- **RECORDED INFORMATION**:

>>>

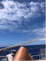 Last night we had a smorgasbord of weather.  Winds from 8 to 34 knots, winds out of the SW, SE, N, a little rain and stars.  When the stars come out its flipping amazing.  I thought stars in the dessert were fab but here with the forever horizon its breathtaking.  It makes one feel very small and grateful. This morning we are back running wing on wing (a sail position) with the trades.
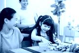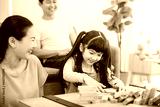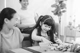 Asian family playing board game with wooden tower together at home.
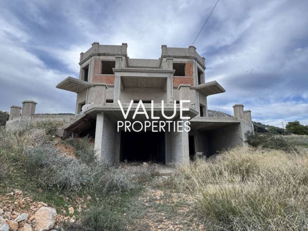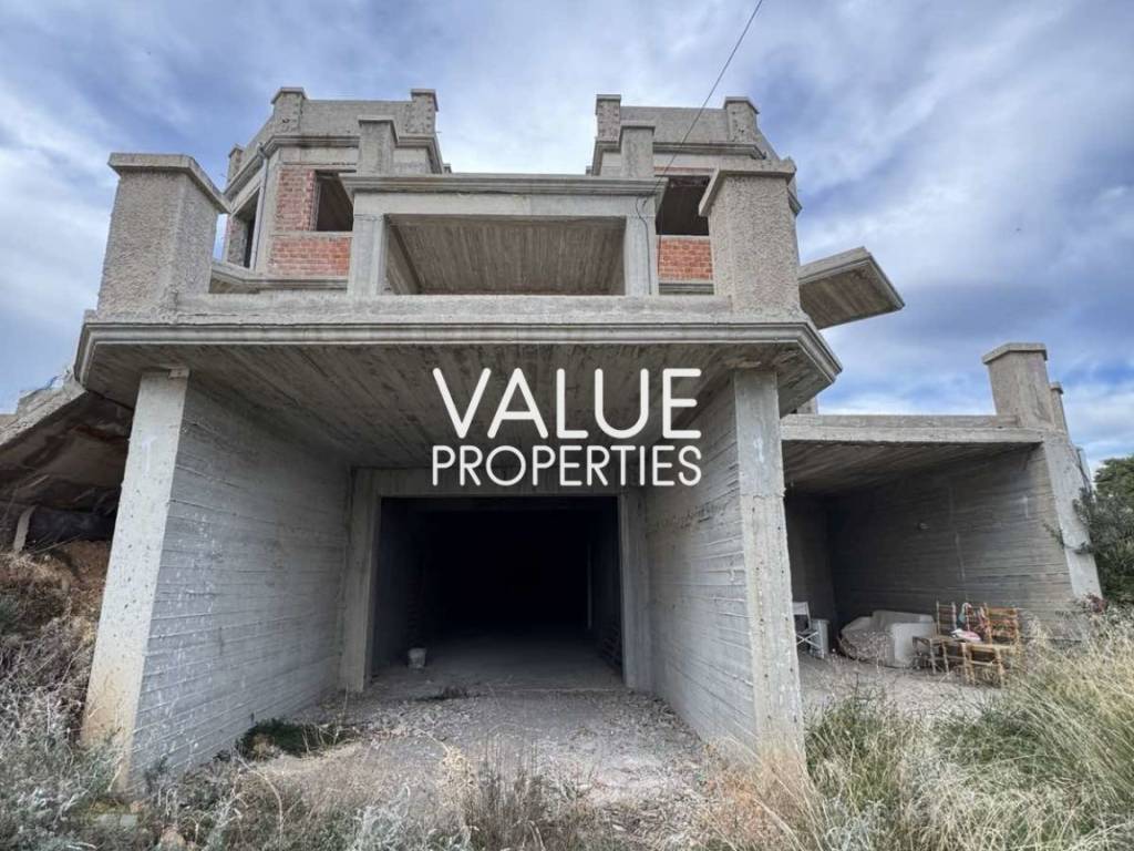 Salamina, unfinished three-level building (basement, ground floor, first floor) with a total area of 645 sq.m., built in 2009 with a completion rate of 60%. It consists of a basement including 3 parking spaces and 8 auxiliary rooms, a ground floor comprising a bedroom, kitchen, living room, bathroom and storage space, and a first floor comprising 4 bedrooms, living room with kitchen, bathroom, WC, dressing room and office space. The property is front-facing, bright and dual-aspect, suitable for use as a holiday home. It is located in a quiet area, close to the sea, with unobstructed views. VALUE Properties, contact phone: 2103004430, email: info@valueproperties.gr, website: https://www.valueproperties.gr
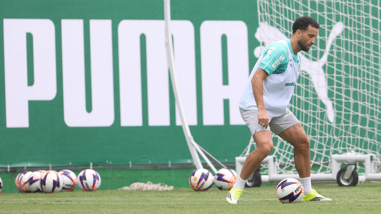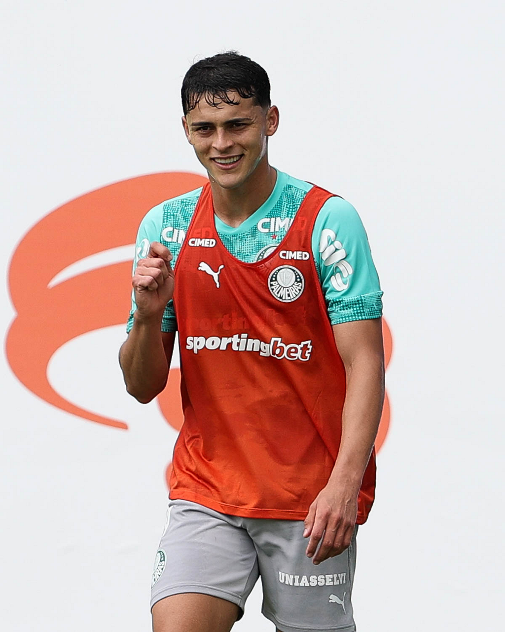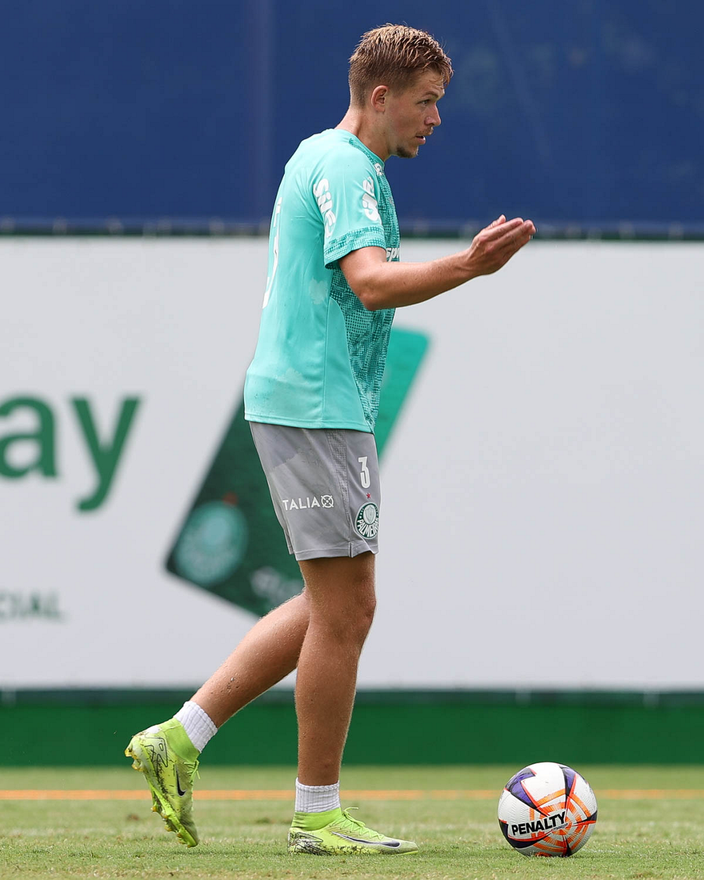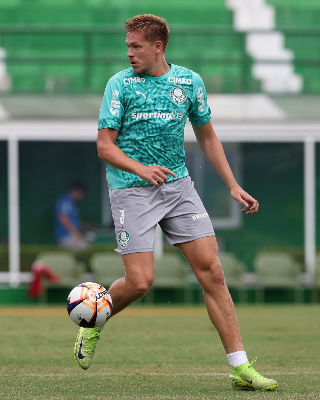 O jogador Bruno Fuchs, da SE Palmeiras, durante treinamento, na Academia de Futebol. (Foto: Cesar Greco/Palmeiras/by Canon)

<<<

- **WHAT YOU ARE ASKED TO DO**: Leaving every image behind, repeat the data in full and exactly.

- **SOLUTION**:
 Last night we had a smorgasbord of weather.  Winds from 8 to 34 knots, winds out of the SW, SE, N, a little rain and stars.  When the stars come out its flipping amazing.  I thought stars in the dessert were fab but here with the forever horizon its breathtaking.  It makes one feel very small and grateful. This morning we are back running wing on wing (a sail position) with the trades.
 Asian family playing board game with wooden tower together at home.
 Salamina, unfinished three-level building (basement, ground floor, first floor) with a total area of 645 sq.m., built in 2009 with a completion rate of 60%. It consists of a basement including 3 parking spaces and 8 auxiliary rooms, a ground floor comprising a bedroom, kitchen, living room, bathroom and storage space, and a first floor comprising 4 bedrooms, living room with kitchen, bathroom, WC, dressing room and office space. The property is front-facing, bright and dual-aspect, suitable for use as a holiday home. It is located in a quiet area, close to the sea, with unobstructed views. VALUE Properties, contact phone: 2103004430, email: info@valueproperties.gr, website: https://www.valueproperties.gr
 O jogador Bruno Fuchs, da SE Palmeiras, durante treinamento, na Academia de Futebol. (Foto: Cesar Greco/Palmeiras/by Canon)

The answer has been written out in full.